By Gordon Harris

The Fugitive Slave Acts

By the time of the United States Constitutional Convention in 1787, many Northern states including Vermont, New Hampshire, Rhode Island, Massachusetts and Connecticut had already abolished slavery, but Article 4 of the Constitution included a clause that, “no person held to service or labor” would be released from bondage in the event they escaped to a free state. Bowing to further pressure from Southern lawmakers, Congress passed the first Fugitive Slave Act of 1793, which decreed that owners of enslaved people and their “agents” had the right to search for escapees within the borders of free states. Slave hunters were required to bring their captives before a judge and provide evidence proving the person was their property. At about this time, Northern abolitionists began organizing networks to help enslaved people escape from the slave states.

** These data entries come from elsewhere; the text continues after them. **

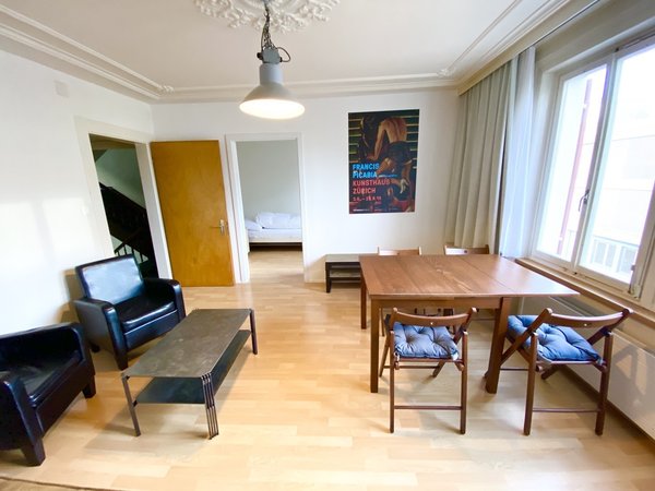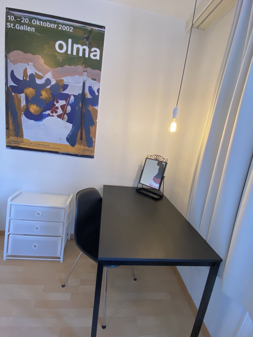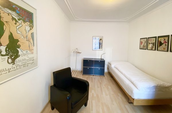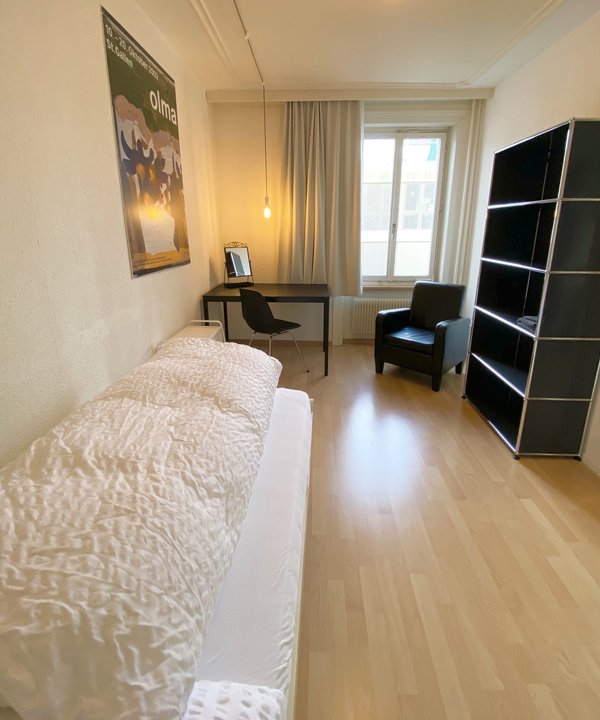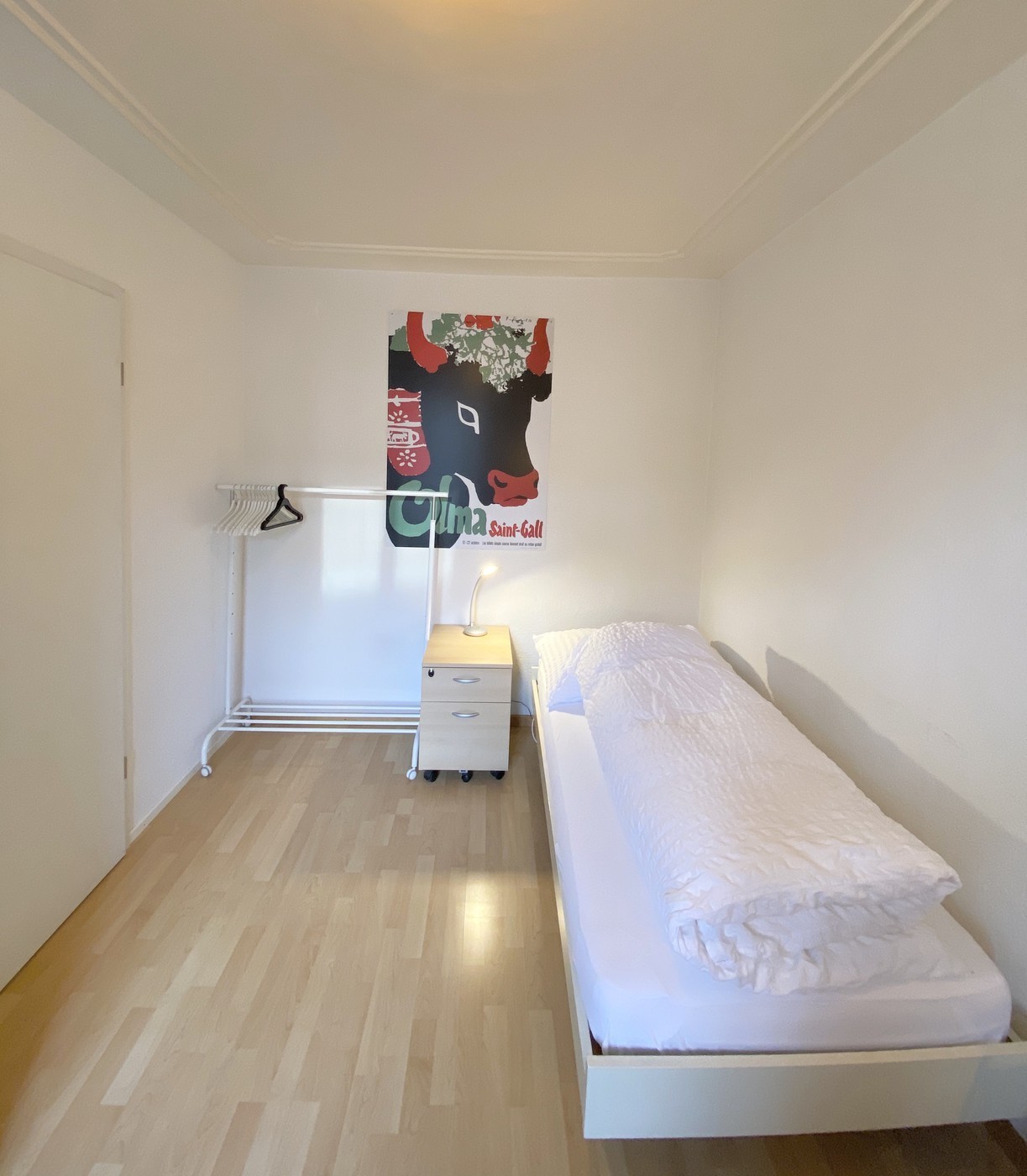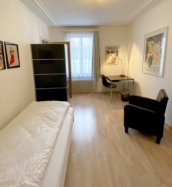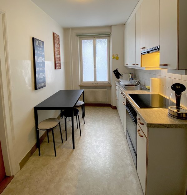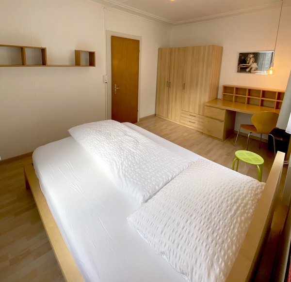 free from 8. Dec. 2025 till end of jan. 2026 + from 1.6.2026 - 31.1. 2027 fully furnished, for short time rental 1-6 months, bed/bathroom kitchen linen, dishware, fast wifi etc is included. - 3 bedrooms plus 1 living room with additional bed, kitchen with table, small bathroom. The apartment is located 8 minutes walk from the Main-Station, near Kreuzbleiche on a quiet street without through traffic. Ideal for students or project workers. Price depends on how long you rent. PP can be rented additionally. For rent for 3 people: 2600.-/mt plus ancillary costs, plus endcleaning when renting less than 5 Months. More than 3 people and less 3 / 4 months: ask for offer. Longterm rental furnished: CHF 1900.-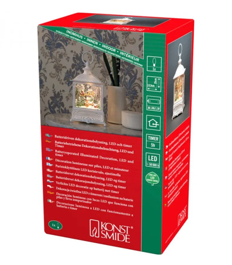 Une Petite Pompe A L’Interieur Brasse L’Eau Et Fait Tournoyer Les Paillettes De Neige. Un Eclairage Led Eclaire La Scene D’Une Douce Lumiere.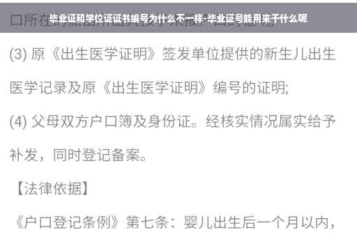 3.因为毕业证和学位证所代表的含义和目的不同,因此其证书编号也就不同,无法相同。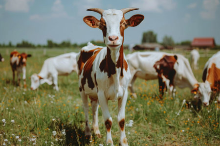Cow goat pasture in a field ecological local farm no cruelty animal safety happiness herd flock milk eco environment sustainability humanity agriculture green forest meadows mountains grass land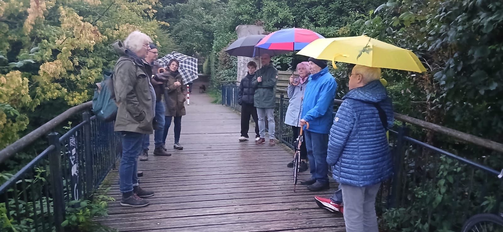 (zwei Personen sind auf dem Foto verdeckt). Glücklicherweise hörte der Regen kurz nach Beginn der Führung auf, denn Fledermäuse mögen keinen Regen & starken Wind. Drei Teilnehmer bekamen akustische Ultraschal-Verstärker, damit wurden ihre Laute (ca. 40 kHz) für uns Menschen hörbar. Wir haben an verschieden Abschnitten Fledermäuse ausmachen können. Sie sind teilweise bis auf 10 cm über uns hinweggeflogen!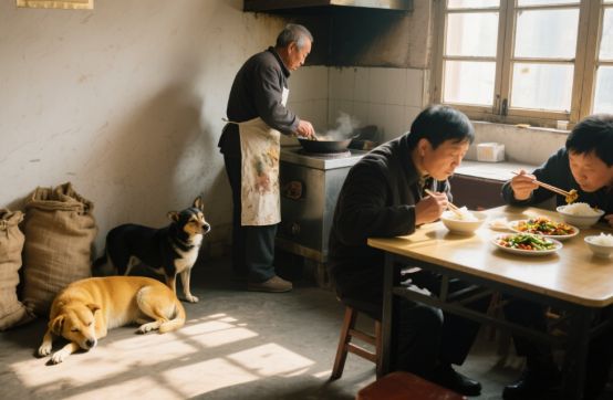 谁知道,第二天一早,那黄狗不仅没走,身边还多了两只更小的,一只纯黑,一只带花的,三只狗崽子就挤在饭馆屋檐下,把这儿当家了。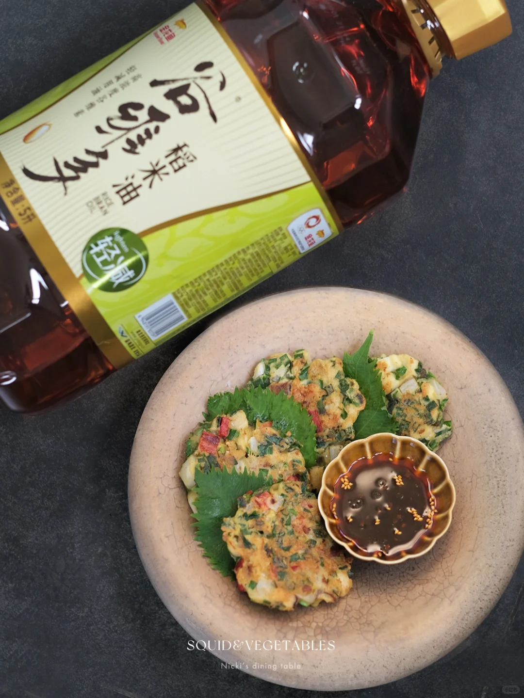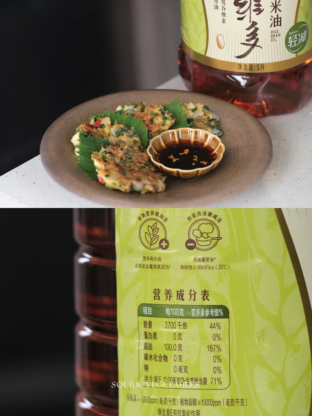 煎饼不做面糊,用小限度的粉和打散的鸡蛋液裹在食材上,搭配谷维多轻减稻米油下锅煎,就能做出轻盈的口感,还有股淡淡的稻米香,吃起来不会有负担。鱿鱼与香菇、彩椒、洋葱融为一体,不油腻,忍不住一口接着一口。

Fugitive slave poster in Boston

The Missouri Compromise of 1820 preserved the balance of power in Congress, admitted Missouri as a slave state and Maine as a free state. It forbid the practice of slavery in all U.S. territory north of 36°30′ latitude and west of the Mississippi River, except in the state of Missouri.

After the Mexican–American War ended in 1848, Southerners sought to expand slavery to the newly-formed states, which Northerners opposed. The so-called Compromise of 1850 established the states of Texas, Utah and California, banned slavery in the District of Columbia, and appeased Southerners with Section 5, “An Act respecting Fugitives from Justice, and Persons escaping from the Service of their Masters” known as the Fugitive Slave Act. Under the new law, anyone who acted to prevent the recapture of a runaway slave, or a marshal refusing to pursue a runaway slave could be fined $1000.00.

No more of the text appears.